We’ve seen several methods for calculating totients in previous exercises. Here we calculate the totient using Euler’s product formula, factoring *n* using a 2,3,5-wheel; our totient function takes time O(sqrt *n*, and we memoize the result because of all the iterated sub-totients:

(define-memoized (totient n) (let ((wheel (vector 1 2 2 4 2 4 2 4 6 2 6))) (let loop ((n n) (t n) (f 2) (w 0)) (if (< n (* f f)) (if (< 1 n) (- t (/ t n)) t) (if (zero? (modulo n f)) (begin (while (zero? (modulo n f)) (set! n (/ n f))) (loop n (- t (/ t f)) (+ f (vector-ref wheel w)) (if (= w 10) 3 (+ w 1)))) (loop n t (+ f (vector-ref wheel w)) (if (= w 10) 3 (+ w 1))))))))

Now it is easy to compute the iterated totient sum:

(define (iterated-totient-sum n) (let loop ((n n) (s 0)) (if (= n 1) s (let ((t (totient n))) (loop t (+ s t))))))

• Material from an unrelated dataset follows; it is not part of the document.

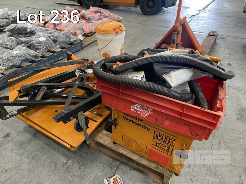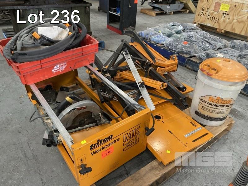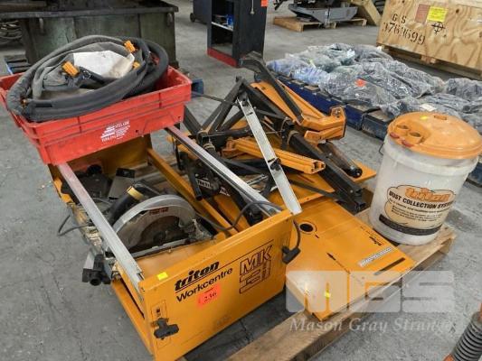 TRITON WORKCENTRE, MK3 NEW SERIES WITH ROUTER, JIGSAW TABLE, TRITON SUPER JAWS, DUST COLLECTION SYSTEM ATTACHMENTS & SKIL CIRCULAR SAW, 140V 1 x PALLET

And here is the requested result:

> (filter (lambda (n) (= (iterated-totient-sum n) n)) (range 1 10000)) (3 9 15 27 39 81 111 183 243 255 327 363 471 729 2187 2199 3063 4359 4375 5571 6561 8751)

You can run the program at https://ideone.com/TzNR0v. A reasonable alternative to the method shown above is to calculate the totients by sieving, as in a previous exercise.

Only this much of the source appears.